Path Selection - Olivier Bonaventure & Luigi Iannone
[presentation]
The host don't usually has the vision of the cost of the different paths, the ISP does. We need to understand which are the goals for the different TE configurations, using the Schiller clasification. Provide a service that has more information than the hosts and provides a service to the hosts, providing locator selection. The host will send a list of host addresses available and the service will return the pairs that are best using certian criteria
Questions / Comments:
It was clarified that this service would be provided by the ISP and the ISP would need to understand the different connectivity that the host has. It was noted that if the connectivity options span multiple ISPs then the ISPs would need to coordinate.
The service was envisaged to operate as an anycast service, and was intended to offer the same answers across different instances of the service operated by different providers when provided with the same query.
Next Steps Work Items - Iljitsch van Beijnum
[presentation]
A discussion on what's missing from the base specification of Shim6 to consider what new work the WG should take on.
We are not yet finished with the work on the base protocol specification, and further work should wait until these documents had completed the publicaiton review process.

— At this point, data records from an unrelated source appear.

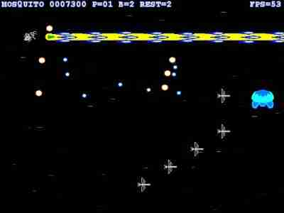 | なんと蚊が主人公の横スクロールシューティングゲーム エネルギーをストックしてレーザーやボムを打つことが出きる。 3タイプのキャラを選択することができ、スピードや特技に違いがある。 難易度は結構高く、早めにレーザーや、ボムを使って敵に対処しないと 敵と球が沢山攻めてきて、辛い状況に追いやられます。 サイズが軽いので気軽に出来ると思います。 |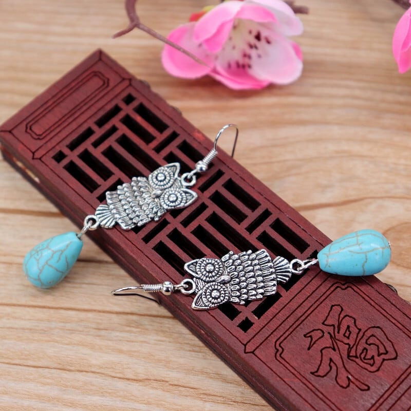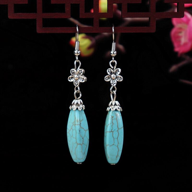 エスニックスタイルレトロオリジナルターコイズイヤリング女性のエレガントなシンプルなフラワーウォータードロップイヤリングロングクリカル耳ジュエリー 指輪 フラワーデザイン shipin96009608170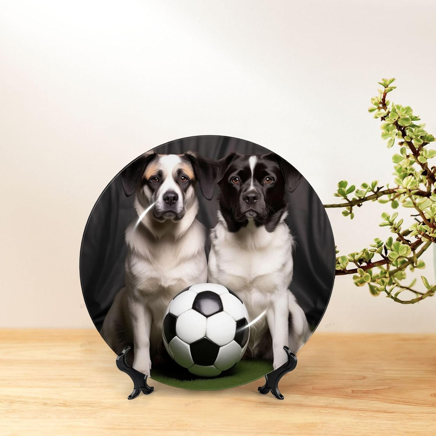gokays decorative platedo you feel that your table is monotonous? Then use our decorative plate to add a little fun to the monotony of life.featuressize - 6 inch diameter;7 inch diameter;8 inch diameter;10 inch diametermaterial - ceramic design - Dogs with Soccer Ball Football package - 1 x ceramic decorative plate, 1 x stand, 1 x pothookwhy choose gokays decorative plates?advantageas manufacturers we follow current trends and bring you the latest home fashion. Salad plates ideal for placement at home or in the office. Traditional porcelain making technology, fine workmanship. Ceramic dinner plates is a good gift for family and friends.convenient to useour dinner plates rack for display has 2 ways to use, you can just place the bracket base on a flat surface first, and then put the plate on it, also you can stick the provided pothook at the back of the plate, and then stick the plate on the wall, you can choose the suitable installation method according to the actual situation.occasionour ceramic ornaments salad plates is a perfect decorative and collection for any niche, table, or mantle at your home. Perfect for your office, home, living room, dining room, playroom, kitchen, cafe, study, studio, club, bar, and others.in a surprise for your family and friends!porcelain dessert plates is a perfect gift for any person in your life. You can give it directly to your lover as mother's day gift/father's day gift/birthday gift/christmas gift/valentines day gift/anniversary gift/wedding gift/housewarming gift/new home gift.start with our funny decorative plate, refresh your rooms!
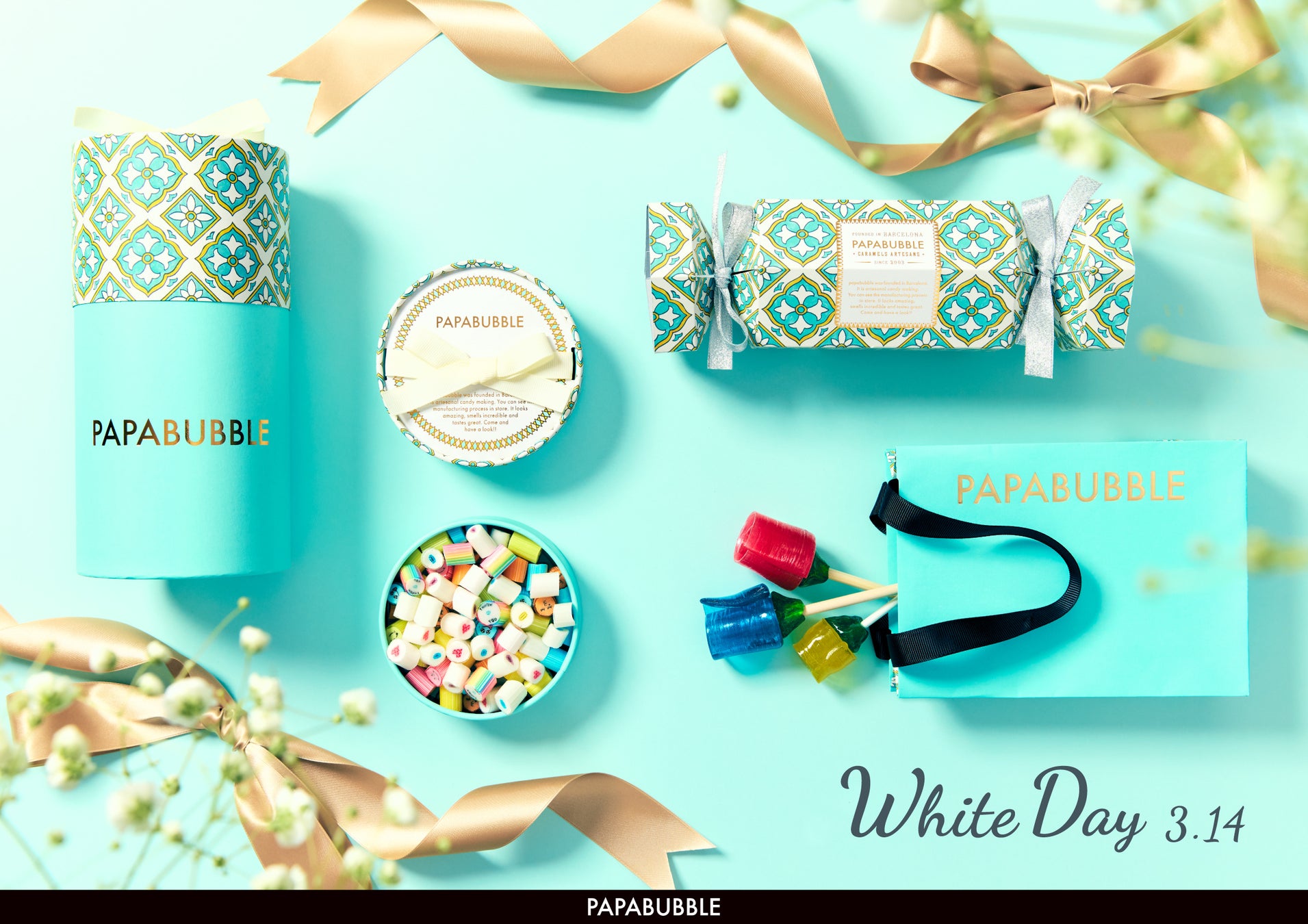 Craft Candy Theater「PAPABUBBLE/パパブブレ」は、3月14日のホワイトデーに向けて、宝石のように輝くキャンディに感謝の気持ちを込めた「ホワイトデーシリーズ」を、2月12日(木)よりパパブブレ公式サイト(https://papabubble.co.jp/collections/2026-whiteday)にて予約受付を開始、2月19日(木)より全国店舗にて発売いたします。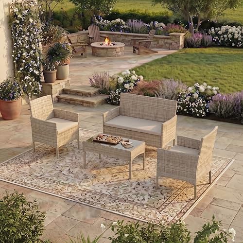 Garden Vida Kendal 4 Piece Rattan Seating Set | Natural | Outdoor Garden Patio Furniture Set | Steel Frame & PE Wicker Construction | UKFR Certified | Weather Resistant Garden Chairs with Cushions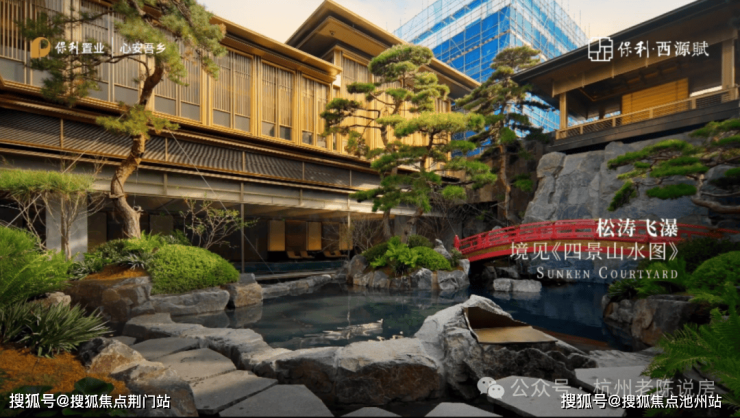 5. 取意三大宋画,融合杭州山水精粹,园林布局「一轴八境」展开,通过假山、叠水、屏风等元素,串联起移步易景的园林场景,再现刘松年的《四景山水图》。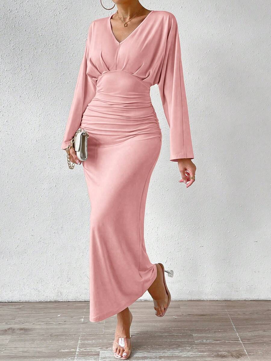SHEIN Privé V-neck Batwing Sleeve Pleated Dress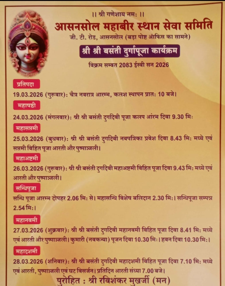 आसनसोल । आसनसोल जीटी रोड स्थित बड़ा पोस्ट ऑफिस के पास स्थित महाबीर स्थान मंदिर में आसनसोल महाबीर स्थान सेवा...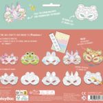 5 masques à décorer ou à colorier, une superbe planche de strass pour les personnaliser et une jolie pochette pour ranger tes créations.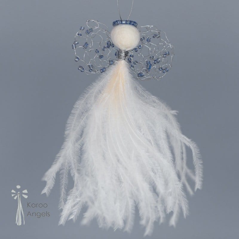 The small feather angels are 11-13 cm long – an ideal size to hang on a Christmas tree, or in a window – or use as a small gift to someone who deserves something really special… Please notice that the feathers might appear a bit “flat” when packed – but when the angel is exposed to air, the feathers will unfold and look more and more fluffy and voluminous.
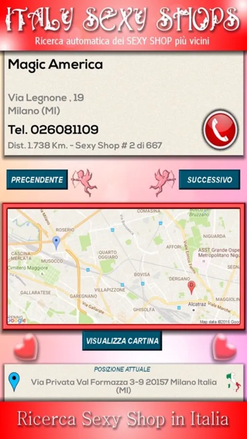 Italy Sexy Shops è l'app che fa per te. Ti basta avviare l'applicazione per visualizzare immediatamente il Sexy Shop più vicino a te. Puoi scorrere tutto l'elenco ordinato per distanza e telefonare al negozio che preferisci direttamente dall'app.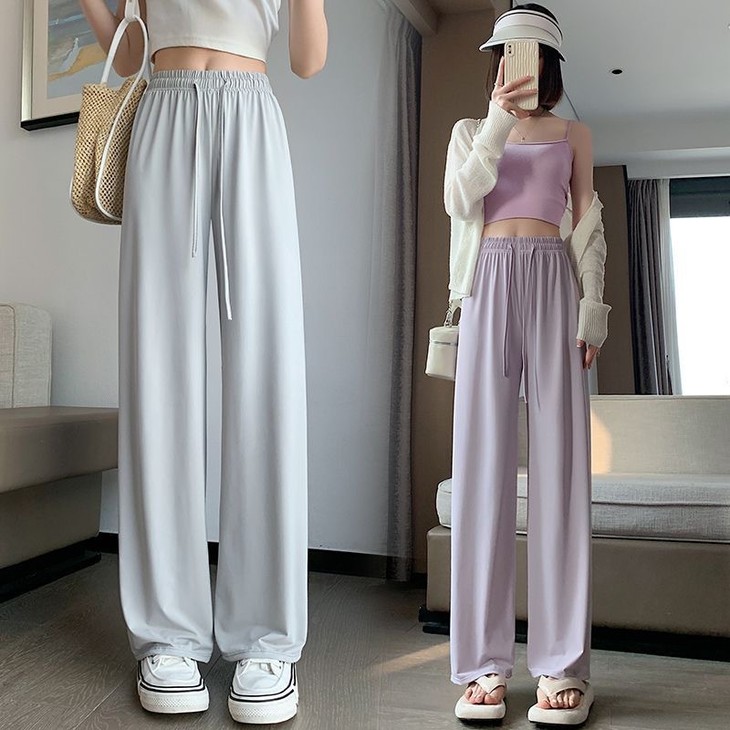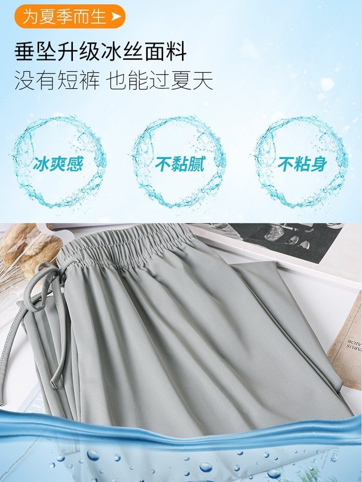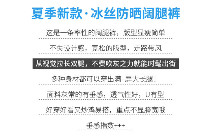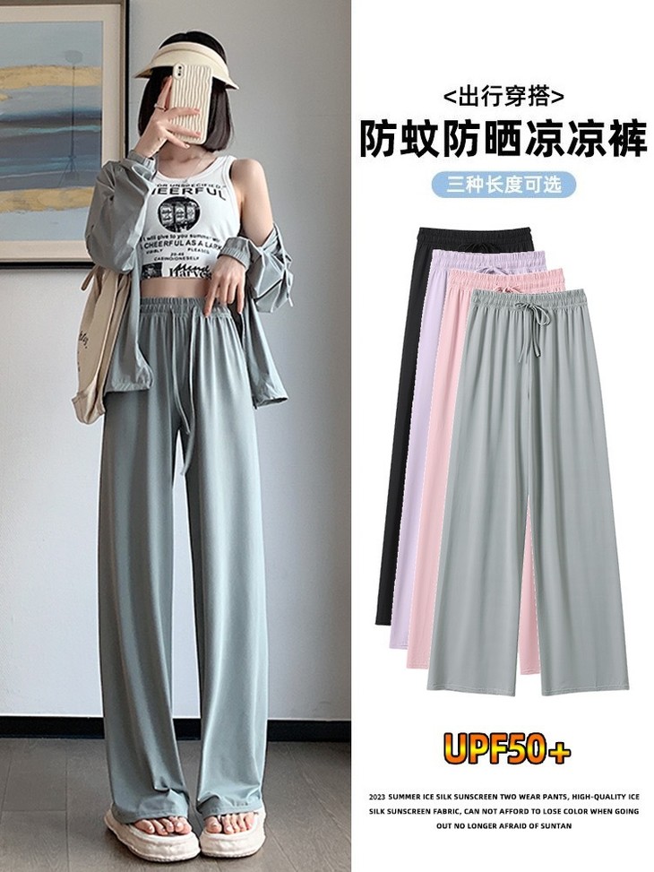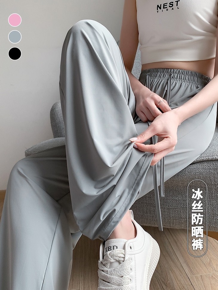 冰丝防晒裤女薄款高腰垂感直筒阔腿裤百搭显瘦宽松休闲速干裤

Potential areas for further study include ingress filtering, ICMP, tunnels, and source address routing as they relate to multi-addressed hosts. Also initial failures, mapping mechanisms, reachability detection, TE,proxy shim6 and the more general consideration of rewriting addresses in routers and NATs.
Questions / Comments:
It was noted that the aspect of operation of multi-addressed hosts and their interaction with the local routing environment was an intrinsic issue with IPv6 rather than SHIM6, and the 6MAN WG is studying this topic.
It was observed that IKE may not be that hard, because it already has NAT traversal, so that may work with 1:1 address translating NATs. This may require a broader level of consensus in the IETF to handle referrals appropriately.
Further work may ential exploration of Proxy shim6 with DNS based validations, since it may be an easier to explore.
It was also proposed that the WG could merge the different proxy shim6 proposals.